Erkennen, dass wir ärgerlich sind
Bevor wir Ärger transformieren oder eliminieren können, müssen wir in der Lage sein, ihn zu identifizieren. Während Ärger manches Mal ganz offenkundig ist, erkennen wir zu anderen Zeiten nicht einmal, dass wir genervt, gereizt, feindselig oder streitlustig sind, bis diese Emotionen stark geworden sind und wir aggressiv sprechen oder handeln. Das mag aus verschiedenen Gründen geschehen. Es kann sein, dass wir durch unsere äußere Umgebung abgelenkt und nicht in Kontakt mit unseren Gefühlen sind, es mag auch sein, dass wir Ärger leugnen, weil wir ihn für schlecht halten, oder wir wissen zwar, dass etwas nicht in Ordnung ist, wissen aber nicht, was es genau ist.
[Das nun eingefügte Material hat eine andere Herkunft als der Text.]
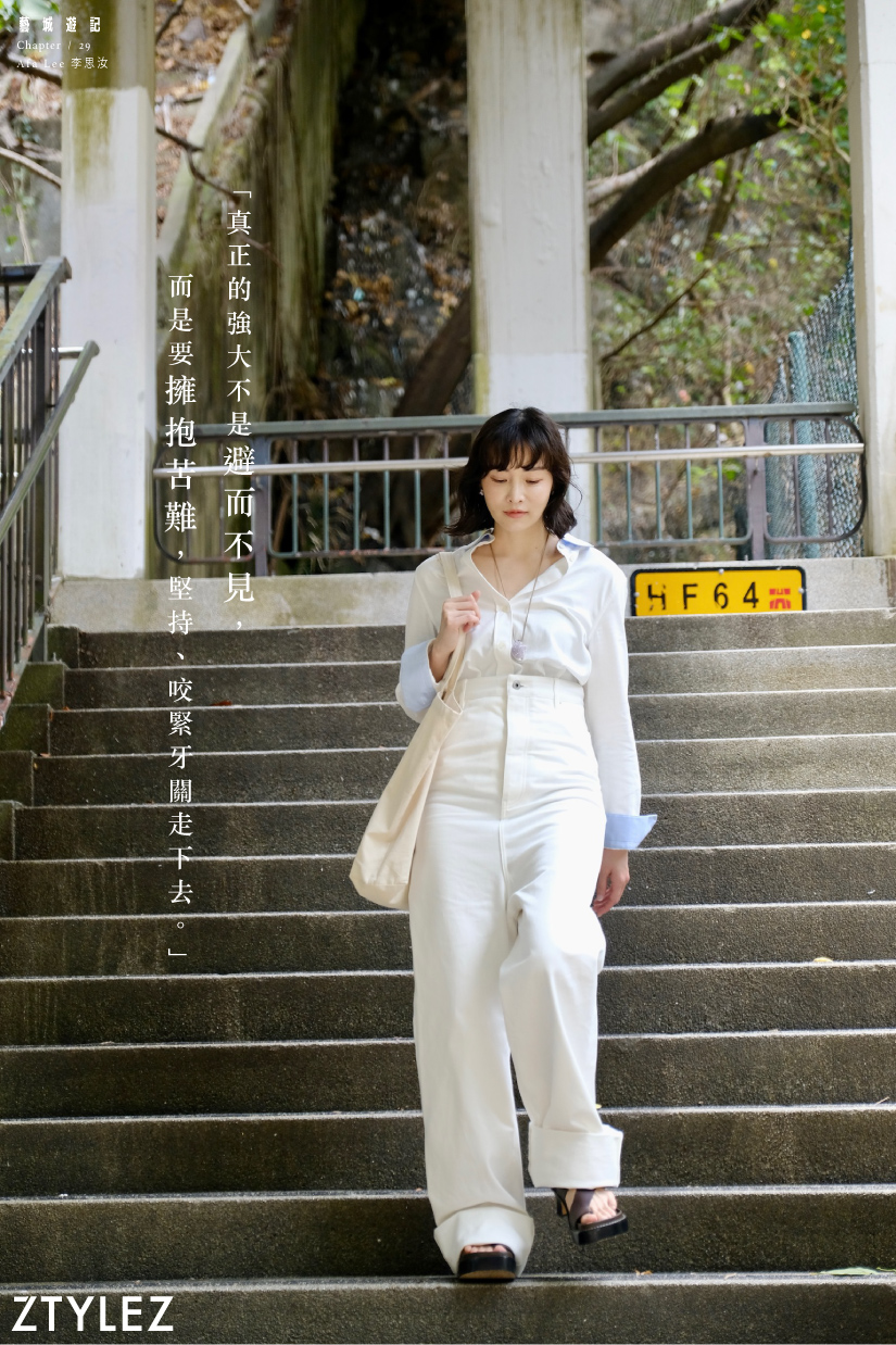 說真的,畫畫本來就是一種自我成就和自我滿足的事,要成為職業生涯確是不易,而這理想更非三言兩語、一時三刻便能證明。終於花了幾年,獲得了DFA 香港⻘年設計才俊獎和各項與藝術有關的提名,似乎有些成績可以光明正大地告訴別人,自己對畫畫是認真的,但此時她卻換了一套想法。「其實是不用告訴別人的,因為我都享受不同角色,而這些都是豐富了我的人生。」她頓了頓再解釋,「譬如說,拍攝劇集、廣告或舞台劇演出,全都是別人賦予我角色的,是被動的;唯有畫畫,是我可以收放自如,表現在自己的作品裏,主宰創作。所以創作時的自己,是最自在、舒服的狀態。」

Für manche Menschen erfordert es Schulung und Praxis, ihren Ärger zu erkennen und zu benennen. Es gibt verschiedene Möglichkeiten, ihn zunächst einmal zu identifizieren zu lernen. Während wir auf den Atem meditieren, können wir zum Beispiel beobachten, dass Ablenkungen auftreten, die uns vom Meditationsobjekt abschweifen lassen. Es kann sein, dass wir ein allgemeines Gefühl von Ruhelosigkeit oder Verärgerung feststellen oder uns an eine Jahre zurückliegende Situation erinnern, die uns noch immer verstimmt. Indem wir uns mit der emotionalen Färbung und dem »Geschmack« der verschiedenen Emotionen vertraut machen, die in die Kategorie »Ärger« fallen, werden wir lernen, sie zu erkennen und zu benennen: Gereiztheit, Frustration, Gehässigkeit, Eifersucht, Groll, Zorn, Streitlust, Hass und so weiter. Natürlich haben wir auch viele positive Emotionen wie Gleichmut, Liebe, Mitgefühl und Freude, die sich allerdings selten als Ablenkungen in unserer Meditation einstellen.
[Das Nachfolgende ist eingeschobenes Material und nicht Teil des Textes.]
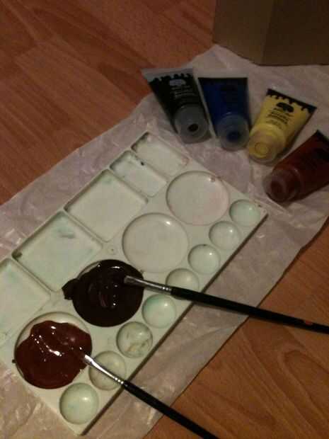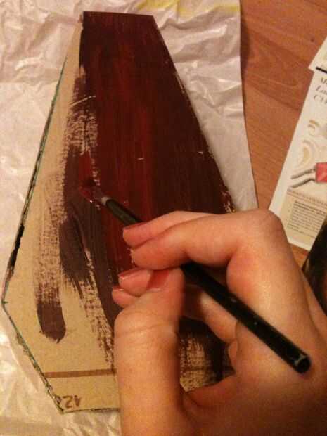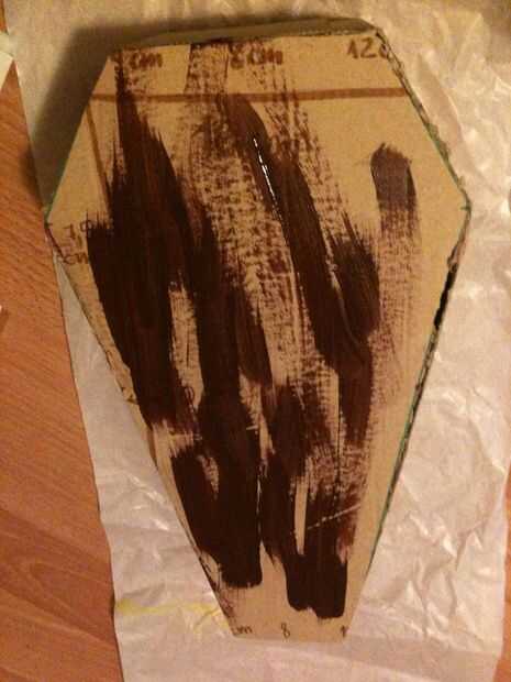 Decidí pintar mi ataúdes marrón con efecto madera. He utilizado dos tonos de marrón que conseguí mezclando pintura roja, azul y amarilla y para obtener un marrón más oscuro acabo de añadir un poco de pintura negra. El efecto madera fue alcanzado por la pintura manchas marrones en mi ataúd y luego pintura arriba y abajo con una pintura marrón clara.

Eine andere Möglichkeit, Ärger zu identifizieren, ist, unsere physischen Empfindungen zur Kenntnis zu nehmen. Wenn wir fühlen, dass sich unser Magen zusammenzieht, wir die Zähne zusammenbeißen oder Hitze im Körper aufwallt, könnte das anzeigen, dass wir im Begriff sind, uns zu ärgern. Jede Person hat andere physische Manifestationen von Ärger, und wir müssen beobachten und feststellen, welche die unseren sind. Es ist hilfreich, das zu tun, denn manchmal ist es leichter, die körperlichen Empfindungen zu identifizieren, die mit dem Ärger einhergehen, als den Ärger selbst.
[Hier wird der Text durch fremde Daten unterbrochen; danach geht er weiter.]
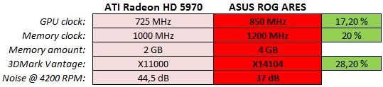 ASUS' Ares videokaart zal gepositioneerd worden binnen de Republic of Gamers (ROG) serie. Zoals gezegd combineert de kaart twee volwaardige HD 5870 chips op een aangepaste printplaat. De kloksnelheid van beide zal dan ook 850 MHz bedragen, tegenover 725 MHz van de 'gewone' HD 5970. Ook aan boord is niet minder dan 4 GB GDDR5-geheugen dat een effectieve snelheid van 4800 MHz heeft, waar dit normaliter 4000 MHz is. Chips en geheugen communiceren over twee 256-bit geheugenbussen. Het geheel wordt gekoeld door de nodige koperen koellichamen en acht heatpipes. Een enkele 100 mm ventilator op 4200 tpm moet de warmte vervolgens bij een beperkte geluidsproductie afvoeren.

Ein anderer Weg, unseren Ärger zu identifizieren, ist, unsere Stimmungen zu beobachten. Wenn wir dann schlechter Stimmung sind, können wir innehalten und uns fragen: »Was für ein Gefühl ist das? Was ist vorgefallen, dass es dazu kam?« Manchmal können wir gewisse Muster in unseren Stimmungen und Verhaltensweisen beobachten. Sie können uns Hinweise darauf geben, wie unser Geist arbeitet und woran sich unser Ärger entzündet. Mark zum Beispiel stellte fest, dass er fast jeden Morgen nach dem Aufwachen schlechter Laune ist. Er informierte seine Mitbewohner darüber, und anstatt also gleich morgens schon mit Leuten zusammenzukommen, geht er nun zunächst seiner Meditationspraxis nach. Atemmeditation bringt seine schlechte Laune zum Verschwinden, und wenn er sich über bestimmte Situationen ärgert, arbeitet er mit einer der Methoden, die in diesem Buch erklärt werden.